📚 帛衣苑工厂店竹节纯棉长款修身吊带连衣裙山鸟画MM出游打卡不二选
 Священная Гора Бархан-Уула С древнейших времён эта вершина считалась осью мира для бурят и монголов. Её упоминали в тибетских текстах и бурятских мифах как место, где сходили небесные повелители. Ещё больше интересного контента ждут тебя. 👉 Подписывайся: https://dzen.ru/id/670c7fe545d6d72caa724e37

#####

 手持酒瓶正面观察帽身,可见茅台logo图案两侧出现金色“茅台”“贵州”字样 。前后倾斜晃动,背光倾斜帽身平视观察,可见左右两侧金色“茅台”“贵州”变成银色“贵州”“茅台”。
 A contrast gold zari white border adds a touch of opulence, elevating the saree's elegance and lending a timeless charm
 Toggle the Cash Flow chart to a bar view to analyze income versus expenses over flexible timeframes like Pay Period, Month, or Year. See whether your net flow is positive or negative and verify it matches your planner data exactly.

#####

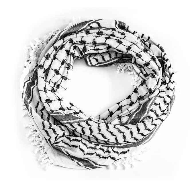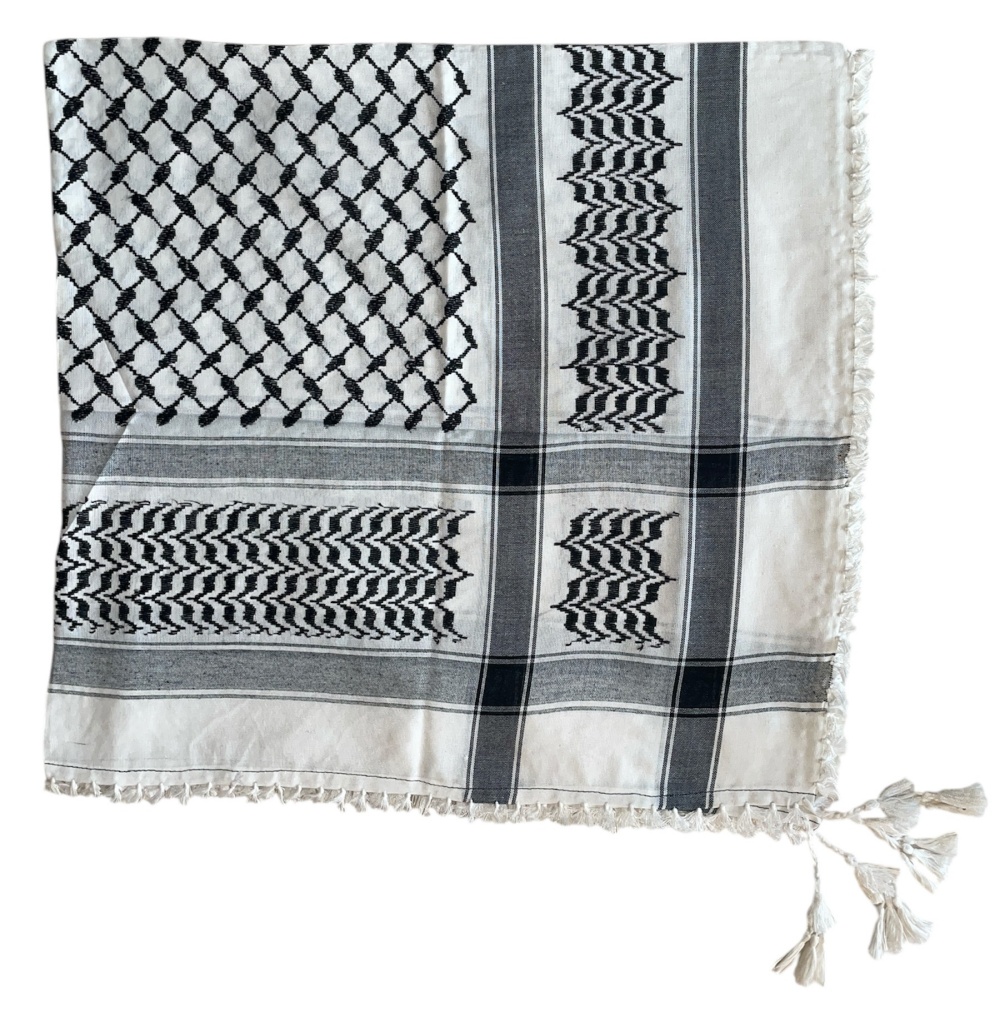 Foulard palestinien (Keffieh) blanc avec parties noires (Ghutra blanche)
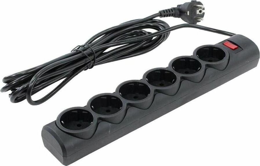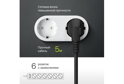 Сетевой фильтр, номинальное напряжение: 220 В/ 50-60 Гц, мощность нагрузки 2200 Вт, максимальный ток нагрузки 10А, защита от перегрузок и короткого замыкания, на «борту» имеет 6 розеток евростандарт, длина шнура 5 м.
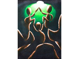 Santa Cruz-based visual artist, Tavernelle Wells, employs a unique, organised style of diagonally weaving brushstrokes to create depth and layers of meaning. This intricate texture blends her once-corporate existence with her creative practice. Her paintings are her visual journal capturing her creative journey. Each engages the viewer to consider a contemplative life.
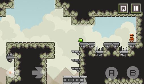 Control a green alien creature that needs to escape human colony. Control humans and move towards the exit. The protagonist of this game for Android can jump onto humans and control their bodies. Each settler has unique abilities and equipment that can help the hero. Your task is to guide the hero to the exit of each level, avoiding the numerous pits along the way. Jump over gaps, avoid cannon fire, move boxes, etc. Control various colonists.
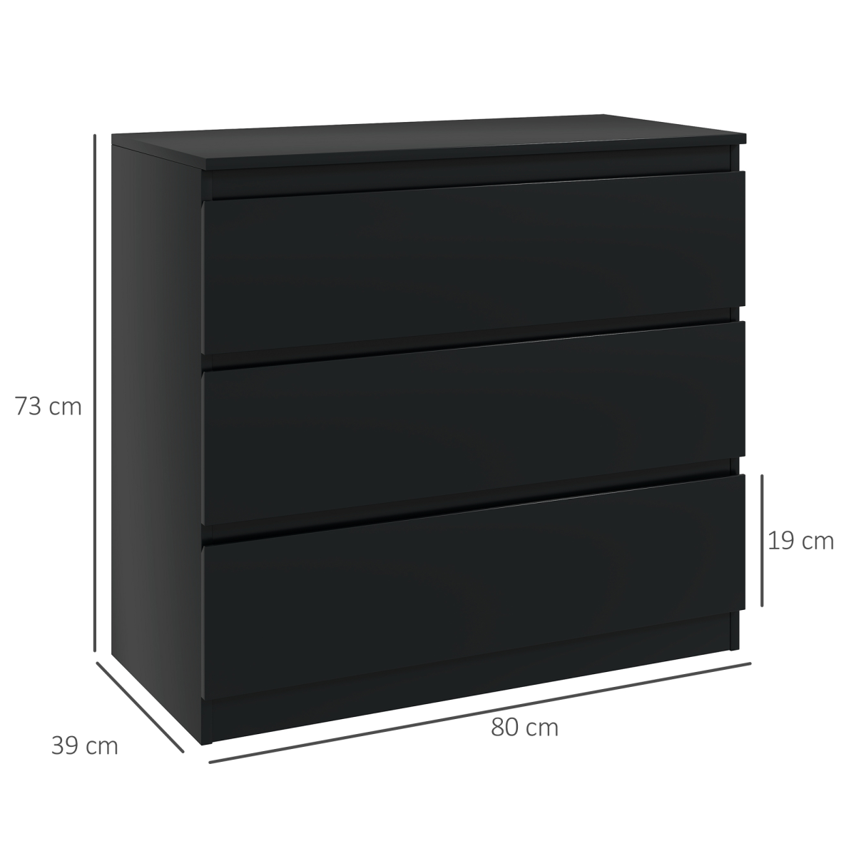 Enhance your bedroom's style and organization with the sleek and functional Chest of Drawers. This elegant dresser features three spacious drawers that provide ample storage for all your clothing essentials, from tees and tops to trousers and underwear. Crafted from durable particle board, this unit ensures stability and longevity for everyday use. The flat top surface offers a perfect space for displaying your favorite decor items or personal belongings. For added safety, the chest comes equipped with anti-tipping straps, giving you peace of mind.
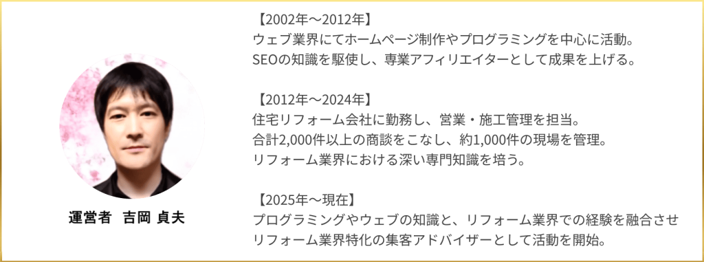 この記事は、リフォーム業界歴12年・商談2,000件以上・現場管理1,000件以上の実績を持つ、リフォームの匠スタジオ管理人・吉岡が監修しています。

#####

TASK TO CARRY OUT: From the listing above, output exactly the run of lines that starts with the line containing "A contrast gold" and ends with the line containing "Toggle the Cash".

RESULT OF THE EXERCISE:
 A contrast gold zari white border adds a touch of opulence, elevating the saree's elegance and lending a timeless charm
 Toggle the Cash Flow chart to a bar view to analyze income versus expenses over flexible timeframes like Pay Period, Month, or Year. See whether your net flow is positive or negative and verify it matches your planner data exactly.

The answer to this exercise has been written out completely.